Airflow tutorial 6: Build a data pipeline using Google Cloud Bigquery

4 minute read

In this tutorial, we will build a data pipeline using Google Cloud Bigquery and Airflow

The GitHub links for this tutorial

A quick look at this tutorial

This tutorial is inspired by this blog post from the official Google Cloud blogs.

We will be using 2 public datasets hosted on Google BigQuery:

Github Archive: 30 million events monthly, including issues, commits, and pushes on Github.
Hacker news: contains a full daily update of all the stories and comments from Hacker News.

From the public datasets, we will create a data pipeline for aggregating daily stats about Github repos and the associated Hacker News story and pushing the result into a new joint table every day. The final table will be used to power this visualization report: GitHub on Hacker News trends dashboard created using Google Data Studio.

Overview of Google BigQuery

Google BigQuery is a big data analytics product from Google that helps you run ad-hoc analysis on massive dataset using Google Cloud infrastructure. With the power BigQuery, you can run a query to analyze terabytes of data within seconds.

Some characteristics of Google BigQuery:

Serverless: is an execution model where the cloud provider (AWS, Google) will dynamically allocate the resources to run your code, and only charge for that amount of resources.
Highly Scalable: can scale to tens of thousands of machines in Google Data Center.
High performance: massively parallel execution and automatic performance optimization.
High Availability: Automatically replicates data between zones to enable high availability. It also automatically load balances to provide optimal performance and to minimize the impact of any hardware failures.

The advantage of choosing Google BigQuery for this tutorial:

Access to Google BigQuery public datasets: Google pays for the storage of these datasets and provides public access to the data via your cloud project. You pay only for the queries that you perform on the data. Moreover, there’s a 1TB per month free tier for queries, making getting started super easy.
Real-time analysis of massive datasets
No-ops (no operations): no need to do operations work like setting up or maintaining any infrastructure. Just focus on your code.

Working with Google BigQuery

The first step you need to do is sign in to your Google account
Search for Google Cloud, sign up
Go to Google cloud console
Search for Bigquery in the navigation bar.

In this tutorial, we will be using 2 public datasets hosted on Google BigQuery:

Github Archive: 30 million events monthly, including issues, commits and pushes on Github.
- Link: Data - More info
Hacker news: contains a full daily update of all the stories and comments from Hacker News.
- Link: Data - More info

Exploratory data analysis

The first step in working with any new datasets is to do some analysis to explore the data.

You can either use:

the BigQuery Web UI to run your adhoc queries.
go through my jupyter notebook to reproduce my analysis.

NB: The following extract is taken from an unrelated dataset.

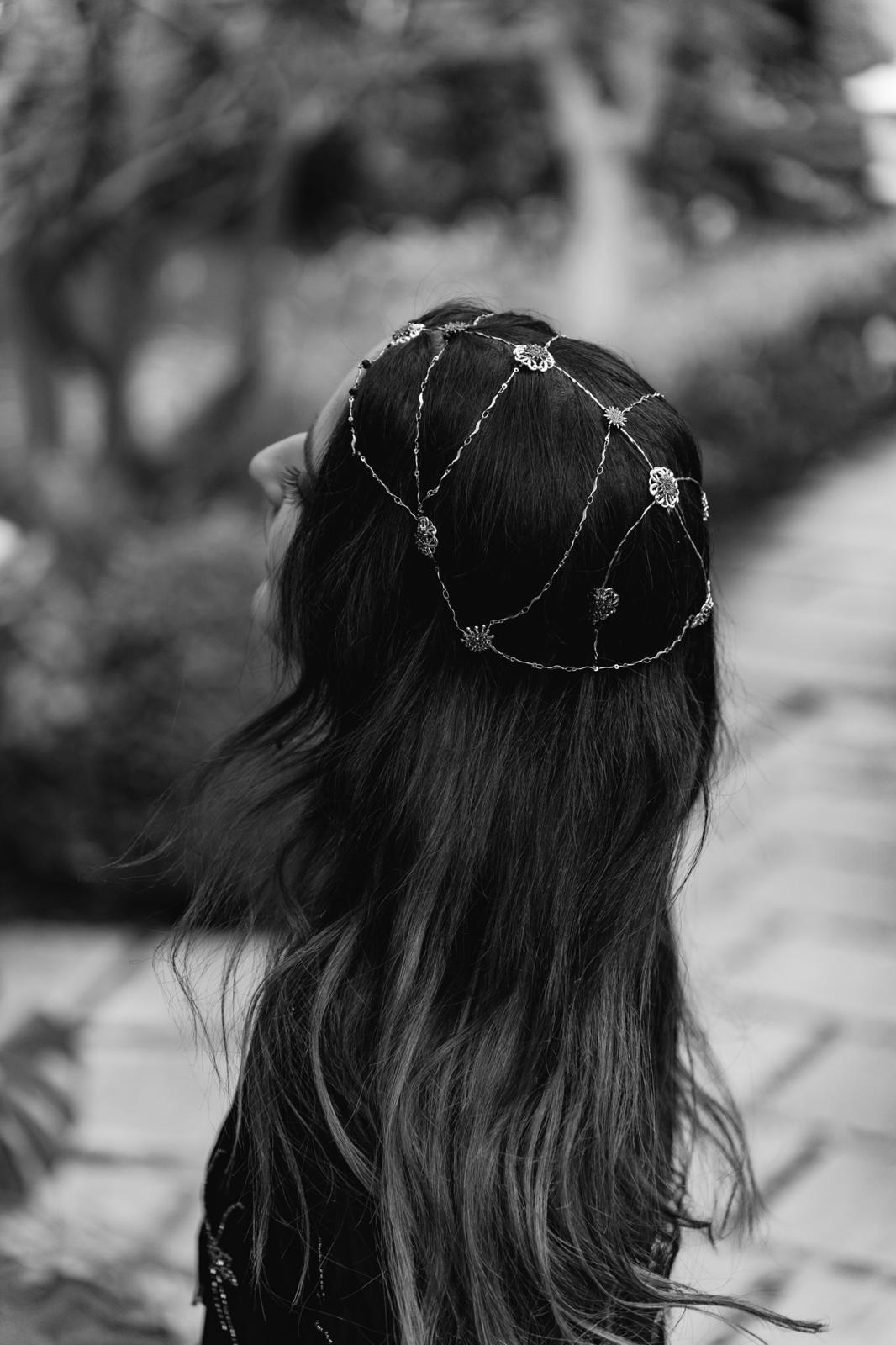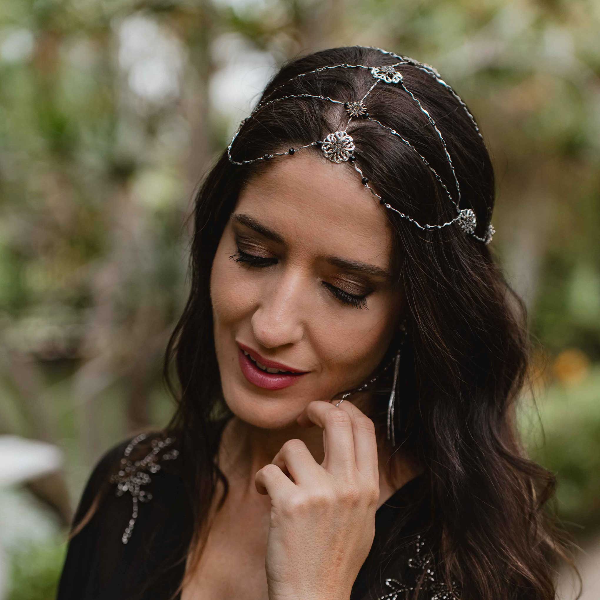 Cada detalle se trabaja pacientemente en nuestro taller, combinando cadenas finas, apliques metálicos y un diseño estructurado que abraza la cabeza con suavidad.

Steps to run my jupyter notebook docker environment and reproduce the analysis:

Clone this airflow-tutorial repo
Go to the notebooks directory, you should see a docker-compose.yml file

cd notebooks

Run this command in the terminal to start the docker environment

docker-compose up

You should see a similar output in your terminal with the first time login token:

Copy/paste this URL into your browser when you connect for the first time, to login with a token:
http://(7b568d3eba0f or 127.0.0.1):8888/?token=7d229945745ecd113adc572d50d93c98e3552516ee65a432

Copy the token and open a new web browser, enter:

localhost:8889/?token=7d229945745ecd113adc572d50d93c98e3552516ee65a432

That’s it. You should now see the work/github-trend-analysis.ipynb file

Building the data pipeline

Setting up

In order to run this data pipeline example, you need to set up a few things first. Specifically:

Create a service account (Cloud Console)
Setup a Google Cloud Connection in Airflow
Supply the config variables

Follow this instruction to set up and run your DAG.

Running the Airflow docker environment

I have already created a new docker environment to run this data pipeline example. Steps to run the airflow environment:

Check out the Github master branch of this tutorial
Start the Airflow environment with docker

bash run_gcloud_example.sh

Stop the Airflow environment when you are finished

bash stop_gcloud_example.sh

Test your DAG

After connection and config variables have been set up using this instruction, you can now test and run your DAG.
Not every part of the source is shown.